What you will do => Once the pictures are set aside, copy the records below exactly as they stand.

Exercise material =>
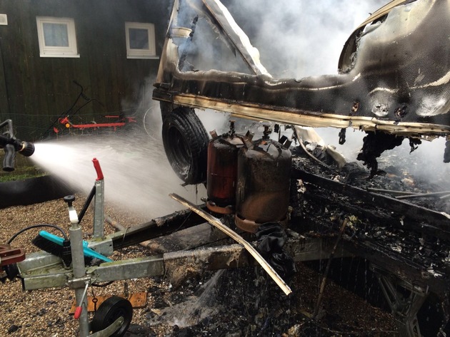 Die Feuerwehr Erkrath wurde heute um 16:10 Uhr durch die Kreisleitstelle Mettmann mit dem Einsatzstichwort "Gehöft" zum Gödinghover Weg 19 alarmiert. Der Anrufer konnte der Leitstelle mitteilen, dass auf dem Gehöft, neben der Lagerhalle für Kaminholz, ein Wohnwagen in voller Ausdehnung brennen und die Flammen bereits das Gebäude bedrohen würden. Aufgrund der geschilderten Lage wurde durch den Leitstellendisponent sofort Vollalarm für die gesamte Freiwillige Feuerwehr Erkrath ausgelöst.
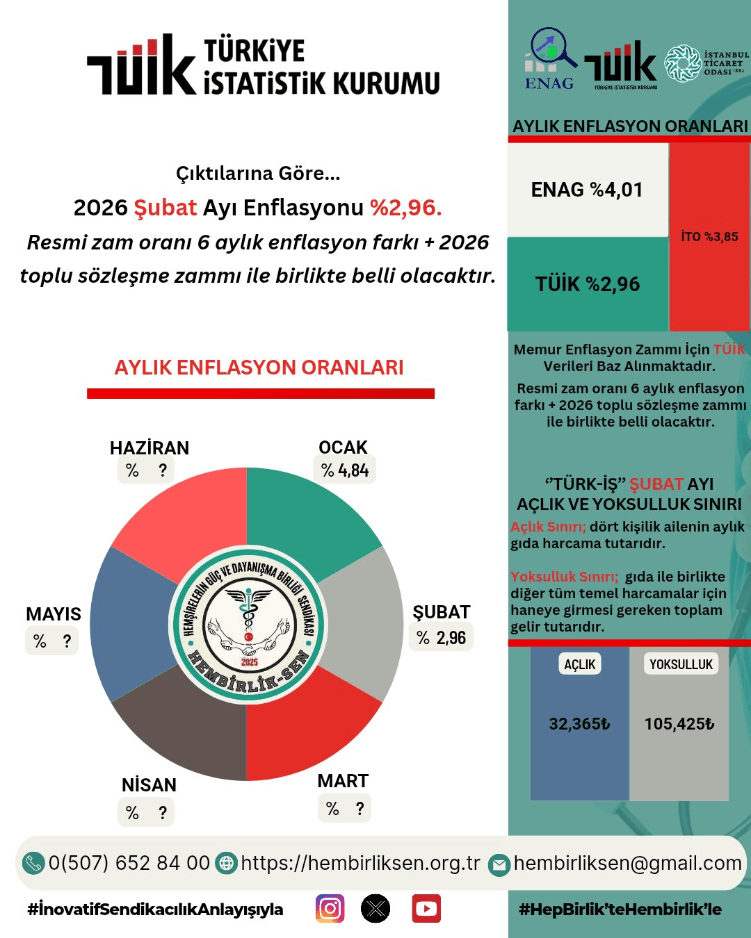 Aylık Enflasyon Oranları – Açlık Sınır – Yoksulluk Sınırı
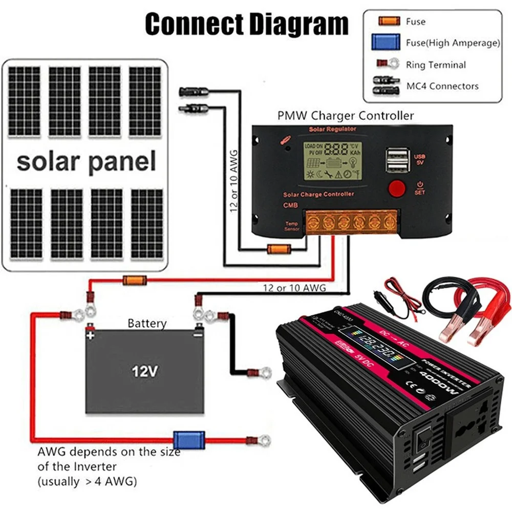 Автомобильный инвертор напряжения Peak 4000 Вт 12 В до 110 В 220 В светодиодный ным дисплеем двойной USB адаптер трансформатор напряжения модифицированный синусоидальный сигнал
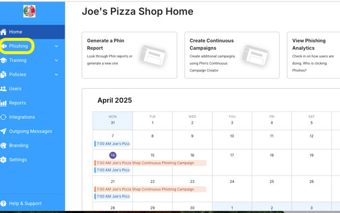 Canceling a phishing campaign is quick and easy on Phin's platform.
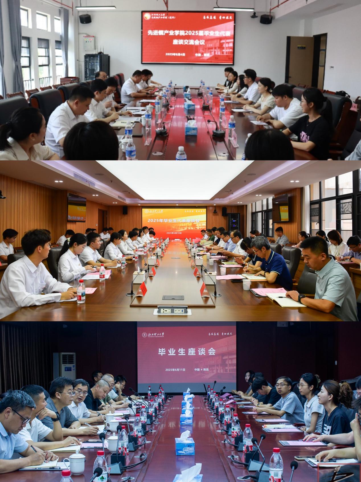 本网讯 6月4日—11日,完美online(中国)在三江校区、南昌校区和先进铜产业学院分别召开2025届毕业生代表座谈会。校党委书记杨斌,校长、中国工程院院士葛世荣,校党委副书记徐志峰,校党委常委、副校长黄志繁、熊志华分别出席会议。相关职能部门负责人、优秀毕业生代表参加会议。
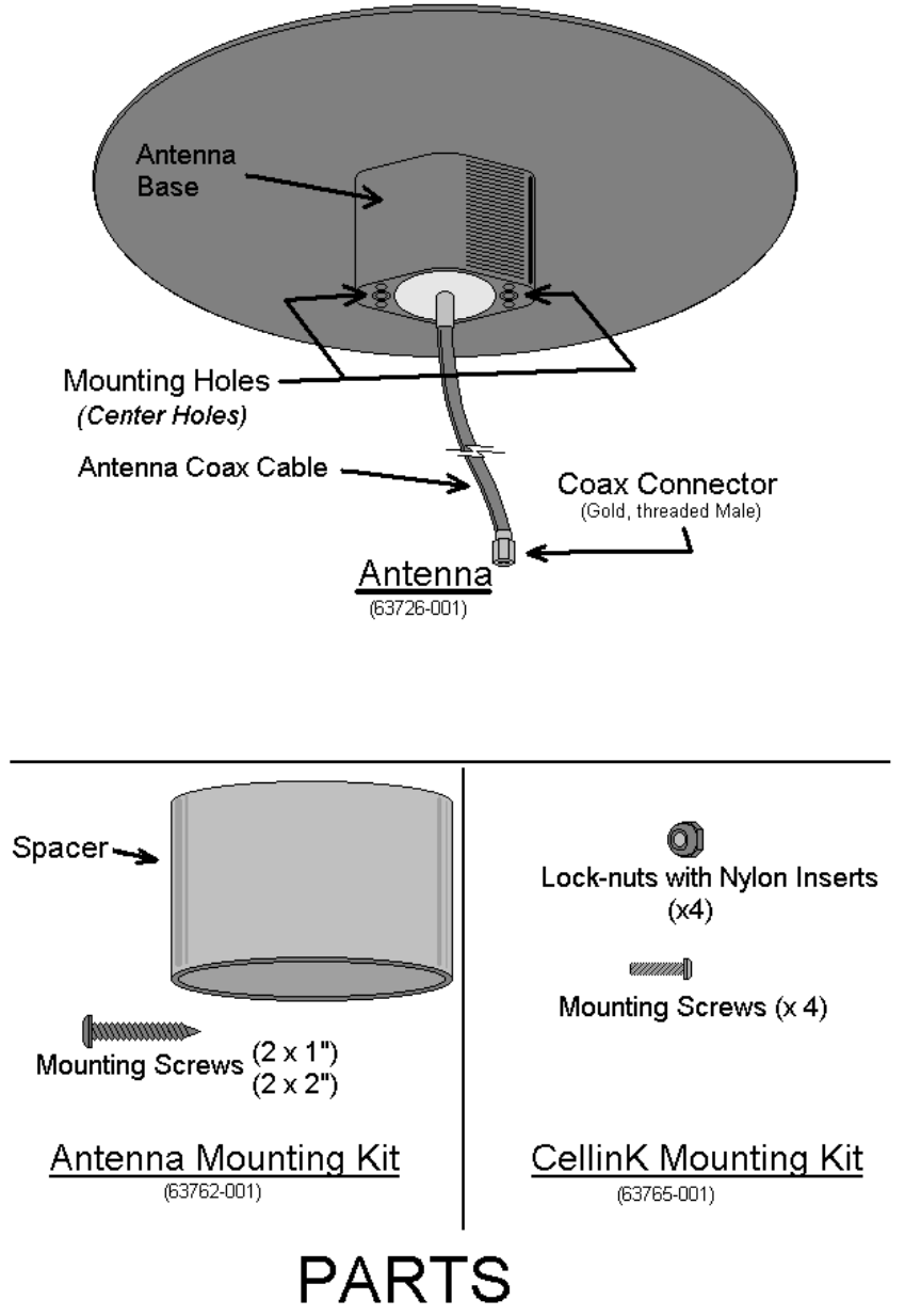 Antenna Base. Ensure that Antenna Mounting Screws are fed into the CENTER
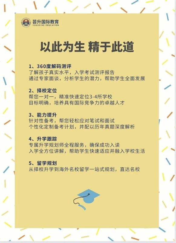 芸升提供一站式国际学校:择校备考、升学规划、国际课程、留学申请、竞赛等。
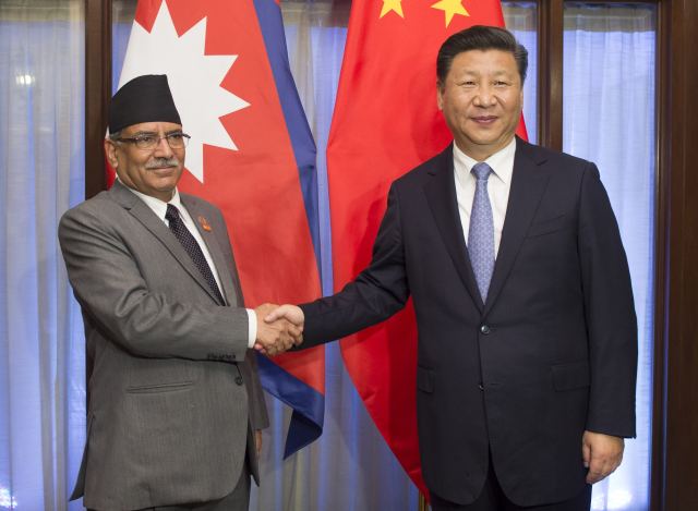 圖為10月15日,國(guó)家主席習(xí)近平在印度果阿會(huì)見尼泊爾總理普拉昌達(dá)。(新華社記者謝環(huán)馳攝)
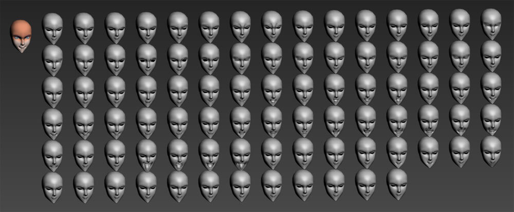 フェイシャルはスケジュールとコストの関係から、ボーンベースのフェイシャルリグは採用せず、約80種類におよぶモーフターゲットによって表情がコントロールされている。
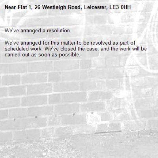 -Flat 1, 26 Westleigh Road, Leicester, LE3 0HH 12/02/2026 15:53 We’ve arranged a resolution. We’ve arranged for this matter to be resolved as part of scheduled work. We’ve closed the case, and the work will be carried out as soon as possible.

The completed task =>
 Die Feuerwehr Erkrath wurde heute um 16:10 Uhr durch die Kreisleitstelle Mettmann mit dem Einsatzstichwort "Gehöft" zum Gödinghover Weg 19 alarmiert. Der Anrufer konnte der Leitstelle mitteilen, dass auf dem Gehöft, neben der Lagerhalle für Kaminholz, ein Wohnwagen in voller Ausdehnung brennen und die Flammen bereits das Gebäude bedrohen würden. Aufgrund der geschilderten Lage wurde durch den Leitstellendisponent sofort Vollalarm für die gesamte Freiwillige Feuerwehr Erkrath ausgelöst.
 Aylık Enflasyon Oranları – Açlık Sınır – Yoksulluk Sınırı
 Автомобильный инвертор напряжения Peak 4000 Вт 12 В до 110 В 220 В светодиодный ным дисплеем двойной USB адаптер трансформатор напряжения модифицированный синусоидальный сигнал
 Canceling a phishing campaign is quick and easy on Phin's platform.
 本网讯 6月4日—11日,完美online(中国)在三江校区、南昌校区和先进铜产业学院分别召开2025届毕业生代表座谈会。校党委书记杨斌,校长、中国工程院院士葛世荣,校党委副书记徐志峰,校党委常委、副校长黄志繁、熊志华分别出席会议。相关职能部门负责人、优秀毕业生代表参加会议。
 Antenna Base. Ensure that Antenna Mounting Screws are fed into the CENTER
 芸升提供一站式国际学校:择校备考、升学规划、国际课程、留学申请、竞赛等。
 圖為10月15日,國(guó)家主席習(xí)近平在印度果阿會(huì)見尼泊爾總理普拉昌達(dá)。(新華社記者謝環(huán)馳攝)
 フェイシャルはスケジュールとコストの関係から、ボーンベースのフェイシャルリグは採用せず、約80種類におよぶモーフターゲットによって表情がコントロールされている。
 -Flat 1, 26 Westleigh Road, Leicester, LE3 0HH 12/02/2026 15:53 We’ve arranged a resolution. We’ve arranged for this matter to be resolved as part of scheduled work. We’ve closed the case, and the work will be carried out as soon as possible.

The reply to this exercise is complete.